Adhkar aren’t just about asking Allah for things. They’re about knowing Him. Every time you repeat His names, every time you declare His attributes, every time you affirm His oneness—you’re deepening your understanding of who He is. And the more you know Him, the more your trust in Him becomes reflexive. Natural. Unshakable.
That’s tawheed. And it goes beyond just believing Allah exists—every Muslim believes that. But believing He’s enough. That He alone deserves your full reliance. That everything else is secondary. That when you’re anxious, when you’re lost, when you don’t know what to do—He’s the first place you turn, not the last.
And you can’t build that just by thinking about it. You build it by saying it. Over and over. Until it stops being something you have to remind yourself of and starts being the language your heart speaks.

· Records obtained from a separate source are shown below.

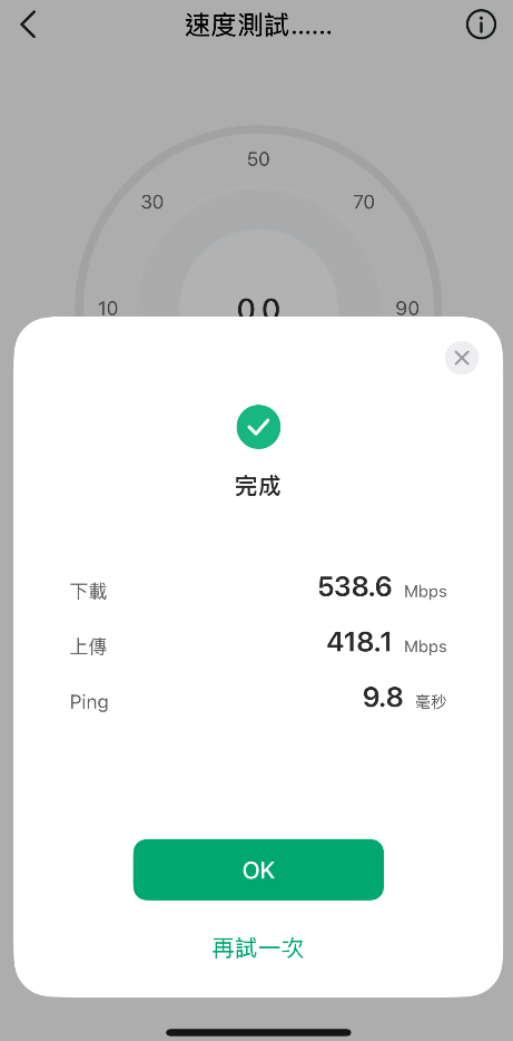 步驟 4. 在測速完成後,可查看測試結果,點選「OK」退出,或點選「再試一次」再次進行測試。
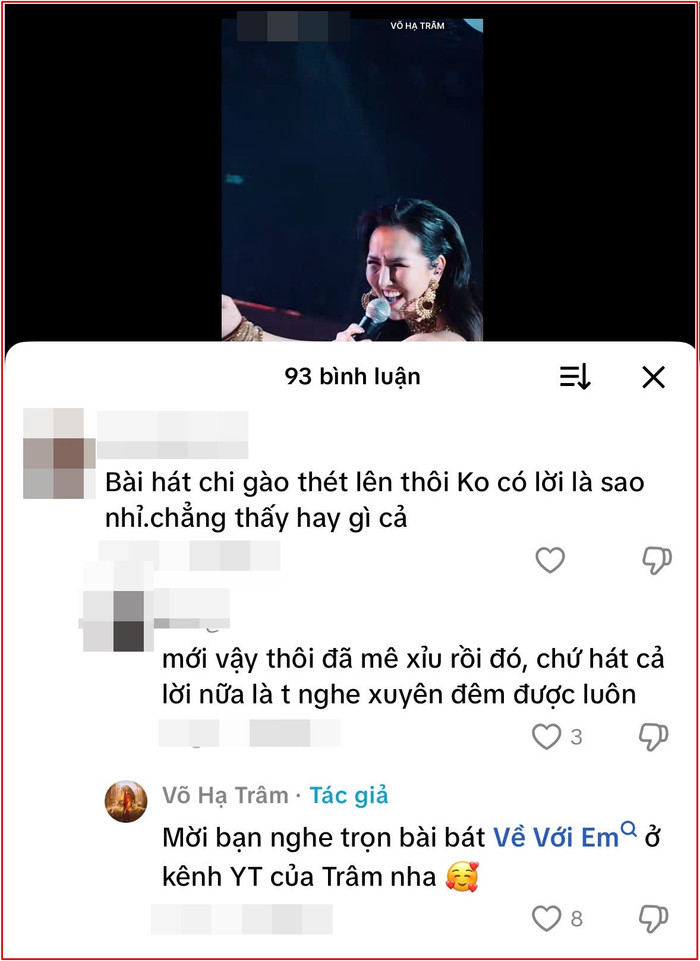 Câu trả lời ngắn gọn nhưng thể hiện sự tự tin tuyệt đối vào sản phẩm âm nhạc của mình, đồng thời cho thấy thái độ tôn trọng khán giả và tinh thần tích cực trong giao tiếp. Không chỉ khéo léo hóa giải ý kiến tiêu cực, cách phản hồi này còn gián tiếp quảng bá cho ca khúc, chứng minh Võ Hạ Trâm không chỉ chinh phục công chúng bằng giọng hát nội lực mà còn bằng phong thái văn minh, tự tin và đầy bản lĩnh của một nghệ sĩ trưởng thành.
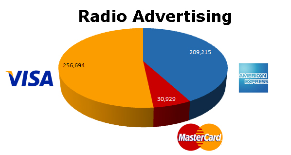 On the Radio, Visa bests the other two credit people. Visa ran 256,694 spots in the last 12 months. American Express was right on their tail with 209,215 spots. And MasterCard was short with 30,929. August 2010 was Amex’s biggest month with 38,802 spots, while Visa ran hottest also last August with 65,903 ads. MasterCard ran the most spots in September with 4,633 spots.
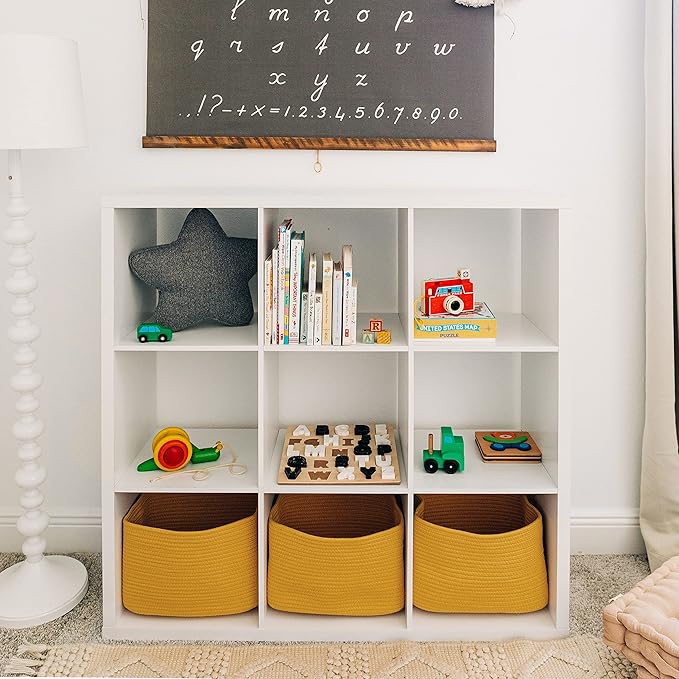 • Discrete, Built-In Carry Handles – These fabric rope baskets for storage also feature slim hand holds built right into the sides of each basket for a seamless look that’s also functional. Perfect for picking up toys or carrying items around the house.

When my anxiety spikes, Hasbunallah wa ni’mal Wakeel comes to mind before the spiral even starts. Not because I’m some elevated spiritual person. Just because I’ve said it enough times that my brain goes there first now. That’s what repetition does. It creates pathways. And when the thing you’re repeating is true—when it reflects reality, not just what you hope is true—those pathways lead somewhere solid. Affirmations try to create reality through belief. Adhkar align you with a reality that already exists. And that’s the difference.

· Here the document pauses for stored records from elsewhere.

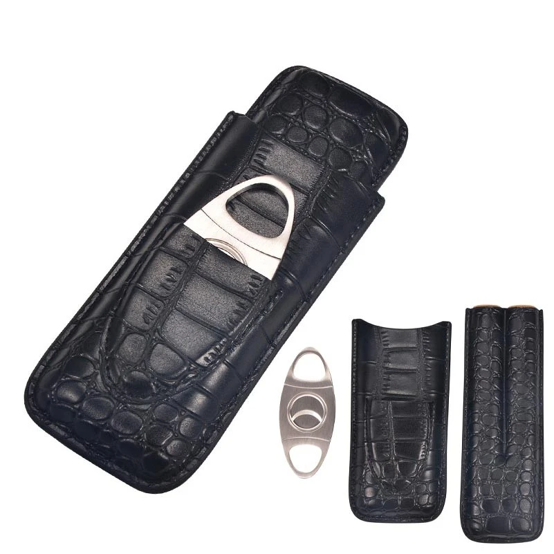 Classic leather Style and cedar wood inside with cutter. Holding 2 cigars of max length 6.3 inches. Easy to carry with your cigars when traveling. Perfect Gift For Husband, Boy friend, Groomsmen, Boss,Father, Any Cigar Lovers. 6 11/16″ L x 2 6/16″ W x 1 3/16″ H
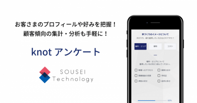 SOUSEI Technology(東京都港区)は4月22日、同社が展開するマイホームアプリ「knot」に新機能「knotアンケート」をリリースした。来店客向けのアンケートをウェブ上で行うことができるもので、利用料は無料。
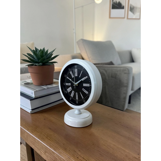 Mey İthalat® Beyaz Kontrast Tasarım 25 x 20 Cm Metal Masa Saati
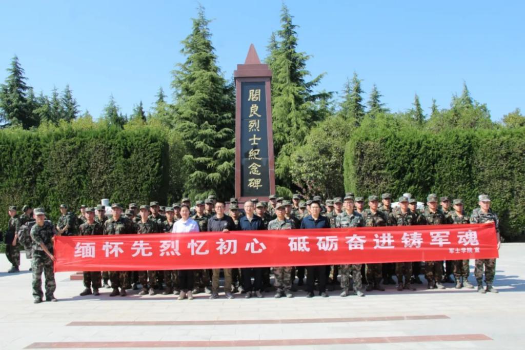 历经两个小时的路途,学员们到达此行的终点——阎良烈士陵园和试飞烈士陵园。在陵园里,学员们踏着先烈的足迹,感悟历史,学员们深知先烈们的英勇事迹是激励前进的动力。纪念碑前,由学工办主任来东主持仪式。首先,全体师生齐唱中华人民共和国国歌;随后,党总支书记李庆宣读祭文,告诫学员们勿忘历史,缅怀先烈,用知识和本领武装自己,以应对未来的种种挑战。全体师生脱帽肃立,为这些抛头颅、洒热血的先烈战士们表达最崇高的敬意。

So if you’ve been treating adhkar like affirmations, like tools to boost your mood or fix your mindset, start to think about what you’re actually saying. Think about who you’re saying it to. These aren’t words you came up with to make yourself feel better. These are words the Prophet (SAW) taught you. Words the muslims have been saying for over a thousand years. Words that reflect the nature of reality itself. They’re not here to serve your agenda. They’re here to recalibrate your entire frame.

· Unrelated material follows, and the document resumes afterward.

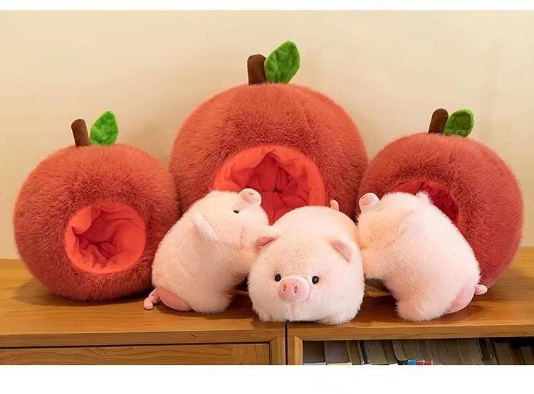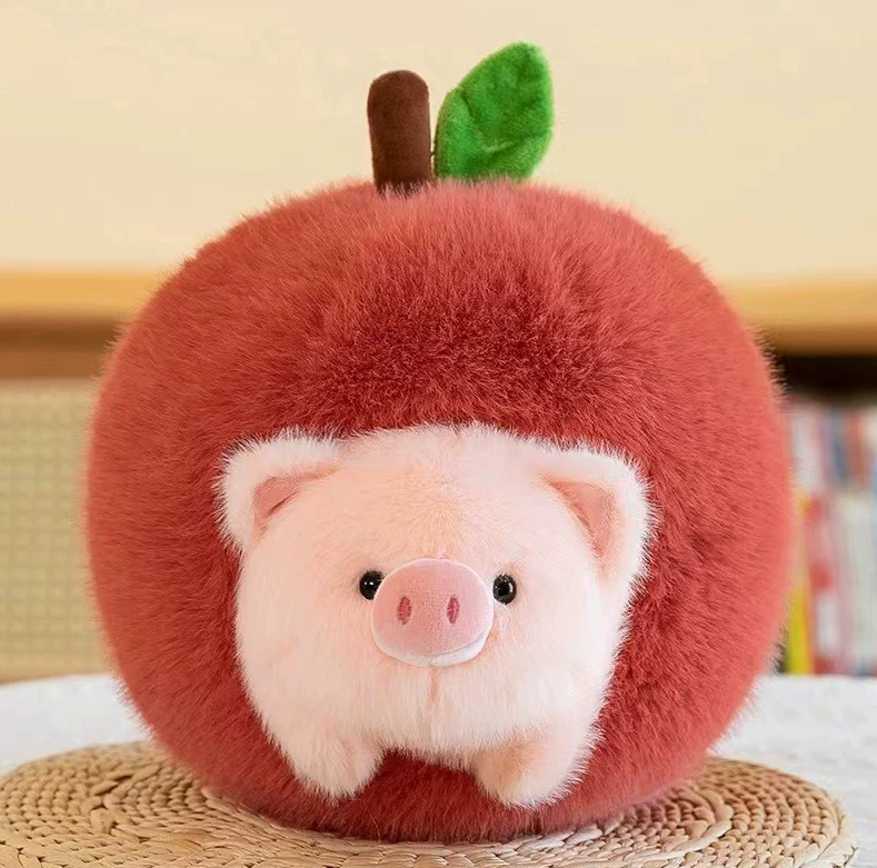Nombre del producto:Juguetes de peluche de animales de cerdo con estampado de manzana de moda

Again, stop asking what the adhkar can do for you and start asking what they’re teaching you about Allah. Because once you actually understand that, once you believe what you’re saying, the transformation isn’t something you have to work for. It just happens. Because truth, when you align yourself with it, doesn’t leave you the same.
Closing Reflection
This week, Dear Reader, pay attention to the adhkar you say. Do you know what they mean? Do you believe them when you say them? Or are they just sounds, words you hope will protect you without actually anchoring you? The beauty and strength of adhkar isn’t in the repetition alone. It’s in the belief behind them. So learn what you’re saying. Reflect on it. Let it settle. And see how the world looks when what you reach for first isn’t your own strength, but Allah’s.




-this is beautiful; “Adhkar work differently. They’re not about building yourself up. They’re about recognizing who Allah is and where you actually stand in relation to Him. The foundation isn’t you. It’s Him. And that makes all the difference.”